Mac’s lips brushed against the tender skin right below her left ear. That simple contact aroused his senses and left him wide open for a well-placed knee. But instead of losing a vital part of his anatomy, she swallowed and a single tear broke from the corner of her left eye.
“Lexie, don’t do that.”
“Why wasn’t I good enough for Rico?”
The question hit hard. “What are you talking about?”
“Forget it… it doesn’t matter.”
“Like hell it doesn’t. Where did you get that idea?”
“Moments before Rico and I were to walk down the aisle, you told him he shouldn’t marry me.”
“How…?”
“The walls between the rooms at the church were thin.” A weak fist struck his chest. “You didn’t even know me. What did I do… what did I say to make you dislike me so much?”
Mac cupped her face. “No, you misunderstood, and again, jumped to the wrong conclusion. Rico wasn’t good enough for you. Not the other way around.”
“I loved him and you were asking him to leave me at the altar.”
“I knew Rico. I didn’t want him to hu
rt you.”
“So, you hurt me first?”
“Rico wasn’t a bad man, but he would’ve never settled down and become the husband you deserved.”
Lexie’s eyes changed―from hurt to anger, then disbelief. Mac had seconds to decide if he would openly lie to her. It was also time she met the real Rico, but shit, not after the day she had. “There are things you need to know.”
Her body trembled as she shook her head slowly back and forth. “Rico loved me.”
“Yes, in his own way he did, and he wanted your marriage to work.”
Again, the room grew still, but this time, an icy current settled over both of them.
“You didn’t ask him to go undercover, did you?” Lexie shut her eyes tightly and covered her face with her hands. “It was his idea all along, wasn’t it?” Gut-wrenching pain edged into her voice. “Why—”
“Why did he volunteer for the damn assignment? I don’t know. He went over my head to Díaz and pitched the op to infiltrate the Réinanos cartel. He dragged Jason with him.”
Lexie seemed to close in on herself. Her head dropped to his chest and her body shook with sobs. Mac wrapped his arms around her waist and held her against him. It shocked the hell out of him that each tear seemed to sear through his heart. She treated him like shit most of the time and had been nothing but a pain in his ass from day one.

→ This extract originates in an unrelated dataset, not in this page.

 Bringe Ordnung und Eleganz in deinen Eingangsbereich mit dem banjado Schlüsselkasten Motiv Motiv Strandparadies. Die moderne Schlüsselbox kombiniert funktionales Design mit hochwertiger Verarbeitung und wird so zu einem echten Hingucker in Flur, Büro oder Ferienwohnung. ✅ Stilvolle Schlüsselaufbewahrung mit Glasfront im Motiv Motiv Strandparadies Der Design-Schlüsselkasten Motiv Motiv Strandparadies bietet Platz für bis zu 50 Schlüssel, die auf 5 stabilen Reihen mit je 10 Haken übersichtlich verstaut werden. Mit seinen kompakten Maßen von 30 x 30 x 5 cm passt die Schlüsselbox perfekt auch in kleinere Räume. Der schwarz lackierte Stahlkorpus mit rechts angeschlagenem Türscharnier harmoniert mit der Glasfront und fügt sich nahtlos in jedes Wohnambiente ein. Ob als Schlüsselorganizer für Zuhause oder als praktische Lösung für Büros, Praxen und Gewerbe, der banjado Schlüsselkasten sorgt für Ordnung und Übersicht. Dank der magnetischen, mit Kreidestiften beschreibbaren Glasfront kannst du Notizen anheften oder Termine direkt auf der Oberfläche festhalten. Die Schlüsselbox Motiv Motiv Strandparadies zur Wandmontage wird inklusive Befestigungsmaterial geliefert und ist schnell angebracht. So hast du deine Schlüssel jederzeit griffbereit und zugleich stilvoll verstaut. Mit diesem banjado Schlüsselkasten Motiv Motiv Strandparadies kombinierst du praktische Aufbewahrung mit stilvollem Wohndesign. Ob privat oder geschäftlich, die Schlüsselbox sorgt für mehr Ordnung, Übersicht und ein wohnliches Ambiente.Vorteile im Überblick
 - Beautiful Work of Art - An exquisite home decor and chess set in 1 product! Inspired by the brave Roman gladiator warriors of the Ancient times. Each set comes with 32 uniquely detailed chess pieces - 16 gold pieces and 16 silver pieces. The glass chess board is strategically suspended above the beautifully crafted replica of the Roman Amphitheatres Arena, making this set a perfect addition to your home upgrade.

“It wasn’t you, Lexie. It was just who Rico was.” Mac kissed away the salty moisture down her cheek. “There’s not a thing wrong with you. You’re beautiful, sexy as hell, loving, and… I loved him like a brother, but he should have treated you better.”
Hating what the memories were doing to both of them, he did the only thing he could think of to shatter the pain. He lowered his head until his lips just touched hers. When she didn’t pull away, he gently caressed her lower lip. Hot, explosive jolts charged through him, and he captured her mouth as his need took charge.

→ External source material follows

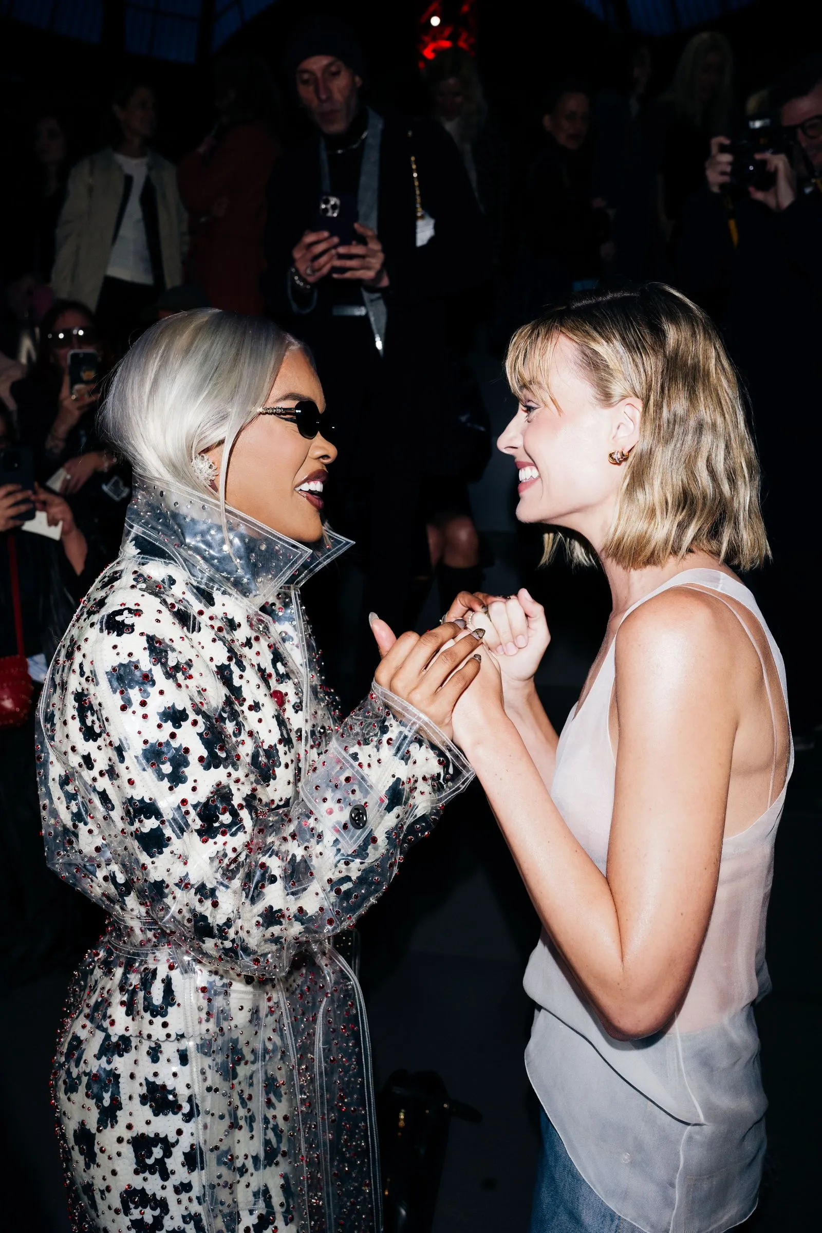 Given the starry guest list, then, Vogue simply had to document more of the front-row action, so we enlisted photographer German Larkin to document these notable names in their VIP seats. Below, scroll on as Larkin caught all of the candid moments between stars. (Come for the Teyana-Margot embrace, stay for the Oprah-Kylie meet-cute.) Plus, we asked them to weigh in on the inspiration behind their outfits, as well as their favorite looks from the show—and what their favorite French words are.

She tasted of ripe oranges—sweet, tangy. Every muscle, every cell screamed for more of everything. Lexie didn’t have a timid bone in her body and matched his need with her own.
Lifting her against him, he deepened the kiss, aching to allow his hands to roam. He had to know the soft, silky feel of her skin. He inched his hand under her T-shirt. Her breath hitched the second his hand brushed over her stomach.